The news, if you hadn’t heard. :)  It’s a big thing with me because I’ve put so much time into using it—well, mostly playing with it.  I do write and maintain some Go programs for work, but most of my time with Go has been spent contributing solutions to Rosetta Code.  I’ve contributed hundreds of Go solutions over the last year or so, and Go has been in the top 10 languages there for some time now.  Recently I’ve tried to review all of the solutions to update them to Go 1, and I’m happy to announce that they (almost) all work with Go 1 now.

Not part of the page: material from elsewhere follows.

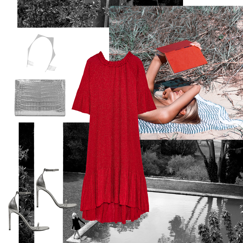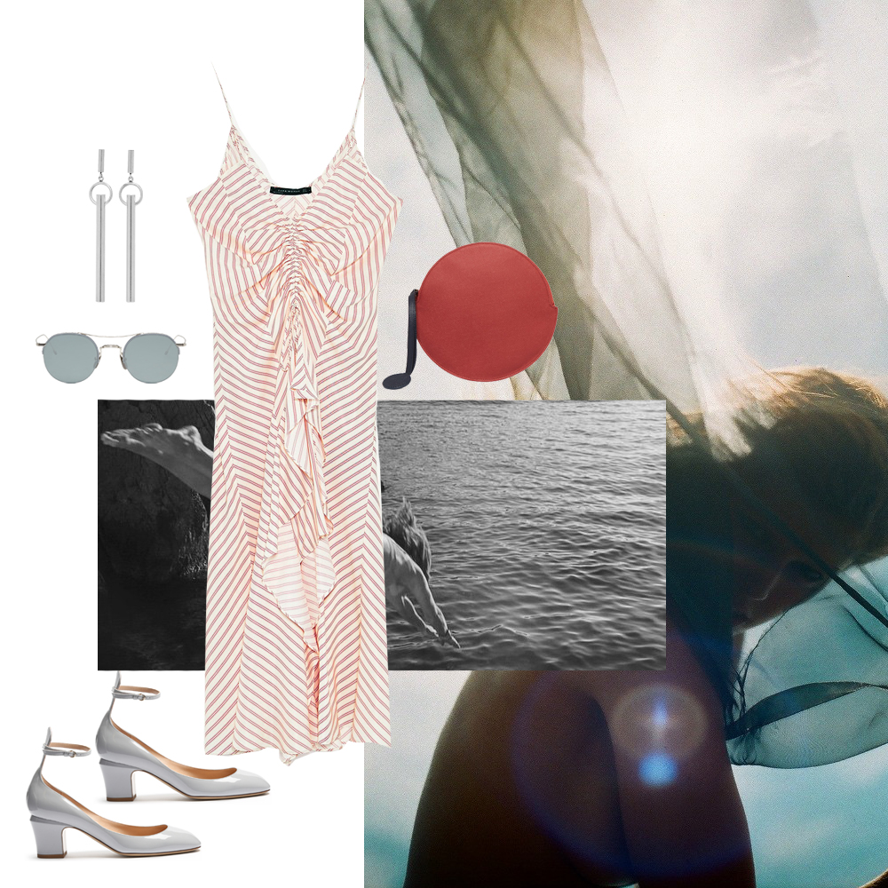 Φόρεμα ZARA. Clutch Roksanda, NET-A-PORTER.COM. Παπούτσια Valentino, LUISA. Γυαλιά ηλίου Thom Browne, SSENSE.COM. Σκουλαρίκια Isabel Marant, LUISA.

I wish I could announce that it represents a large body of idiomatic Go code, available as reference solutions common programming tasks, but I’m afraid it’s not.  Firstly, I’m not sure how idiomatic my code is.  I’ve worked mostly in isolation, and my code almost certainly displays my idiosyncrasies as much as it displays accepted idioms.  Secondly of course, is the nature of of the RC site, which is more a wonderland than reference library.

Still, I’d like to invite people to come and visit.  Browse the existing Go solutions and be amused or enlightened, hopefully both.  But then I’d really like to encourage people to make improvements as they can.  That’s the nature of a wiki, and as I said, since such a large fraction of the Go code is mine, there is certainly much room for the code to be improved.

Next there is the list of existing RC tasks with no Go solution yet.  Most of these are tasks that awkward for me because I don’t have a computer, and can’t freely do things like install software on the computers I do have access to.  If you have or can install up-to-date libraries and software on your computer, some of these tasks should be easy!  Please browse the list and contribute any solutions you can.  A few of them are simply tasks for which I don’t have the knowledge.  For example the HTTP task seemed simple enough, but I don’t know enough to do the HTTPS task.

Finally, if you really enjoy the site, consider contributing a new task that you feel really shows off some feature of Go.  I’ve added just a few, but probably still be designed are some great tasks illuminating interfaces, concurrency, and the varied capabilities of the Go standard package library.